乳頭の一部には、味蕾(みらい)という味覚を感じる組織があ、幅20~40μm、長さ70μmの紡錘形をしていて、先端は味孔(みこう)が開いています。この味蕾1個の中には30~80個の味細胞があり、これが味覚神経とつながっていて味を感じます。この味細胞は先端に微絨毛があり、味細胞の細胞膜には味覚を感じるための受容体・チェンネルがあります。そして舌細胞の寿命は約10日ですが、そのため多少舌をヤケドしたり舌を噛んでも大丈夫なのです。

■舌以外にも存在する味蕾
味蕾は舌以外にも咽頭フタや軟口蓋などにも存在していて、そこには舌咽神経がきています。
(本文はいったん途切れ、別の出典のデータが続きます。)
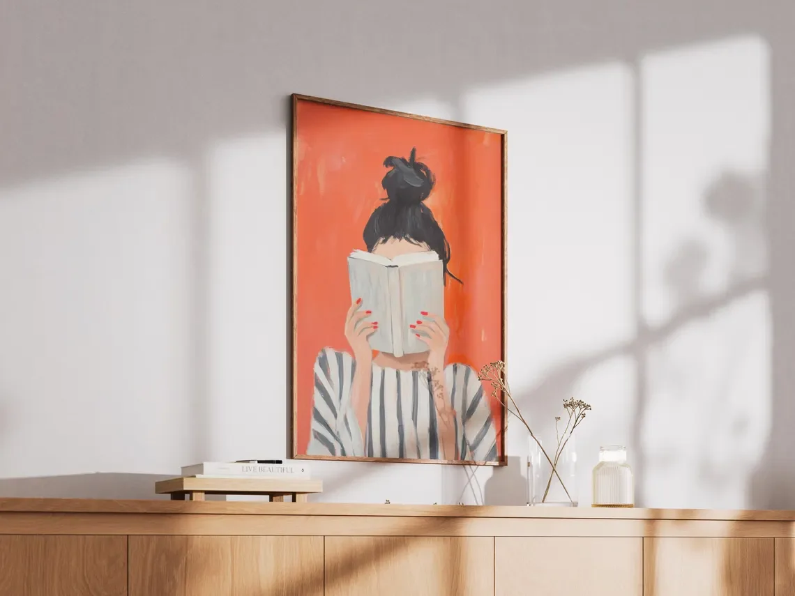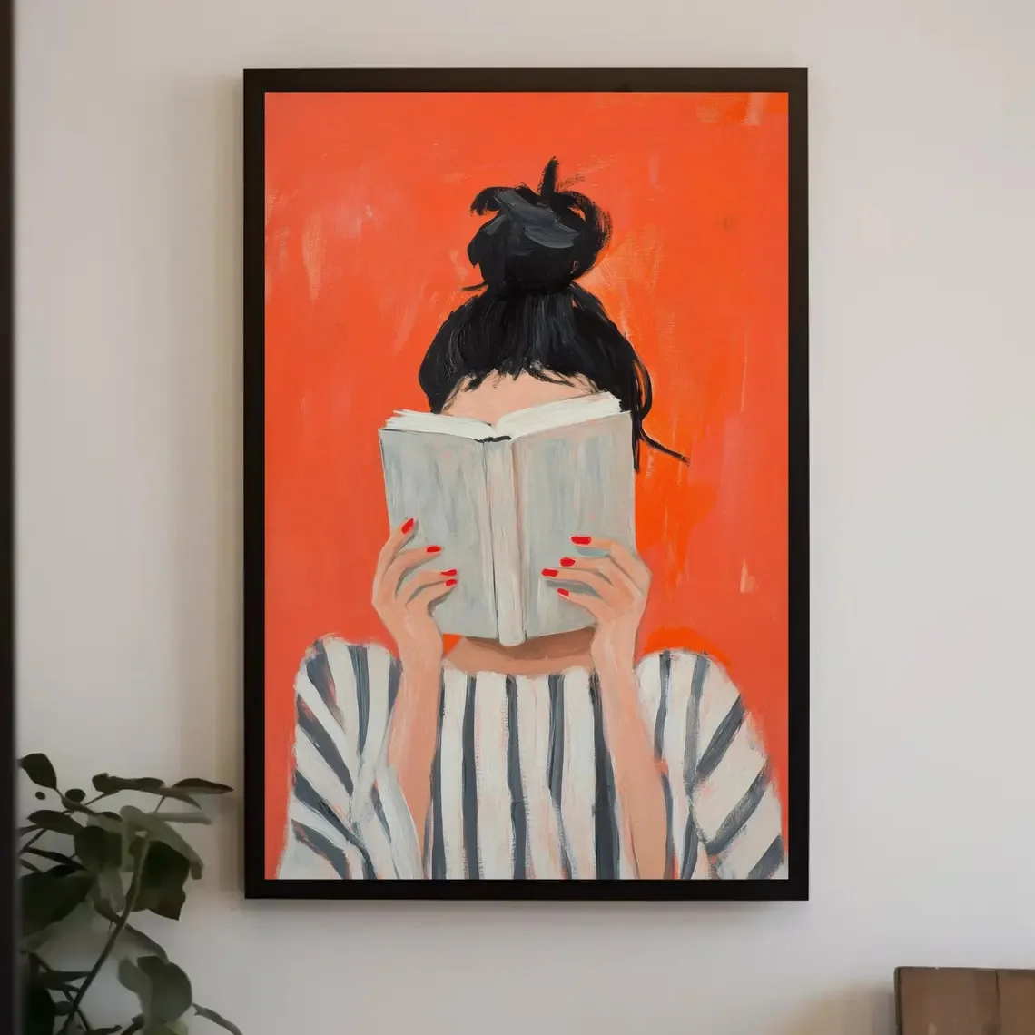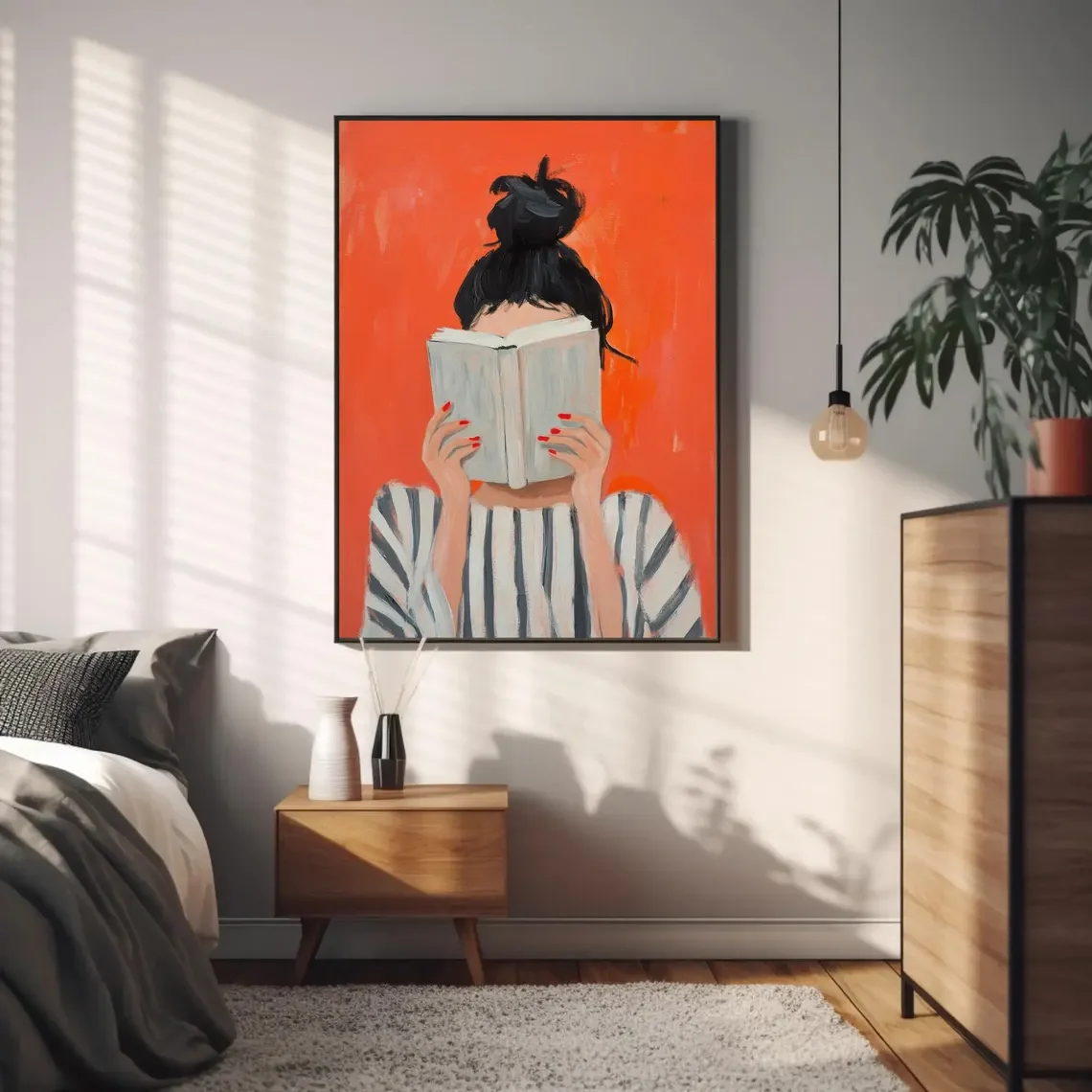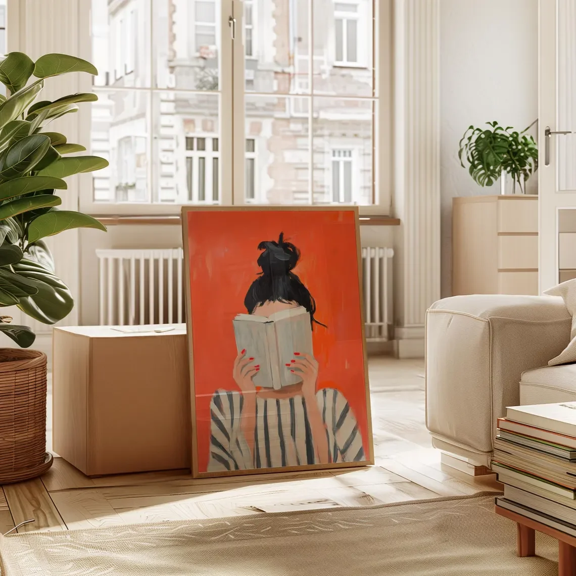 reading woman art print | book poster | feminine cozy wall art | bold orange art print | abstract contemporary portrait art | au

実は味覚には順応性があり、同じ場所に同じ刺激が与えられ続けると、刺激を感じなくなります。味覚はこの順応性が速いと言われていて、食物が同じ場所にあると、そのうち味を感じなくなってしまいます。人が食べ物を食べるときに舌を動かして口の中で場所を変えているのは味覚を持続するためと言えるでしょう。

■子供は苦味を感じやすい
よく大人になってからは食べれるけど、子供のころにニンジンやピーマンが嫌いだったという人がいるかと思います。実は子供のころは味蕾の数が大人より多くなっていて、その分、味に敏感とも言えます。
味蕾の数は個人差があるが、7,000〜9,000個程度ありますが、子供はこの約1.3倍の味蕾があるといいます。
苦味を強く感じるというのは、体にとって刺激があるものは危険という本能的なもので、甘味よりも酸味や苦味に反応しやすいのかもしれません。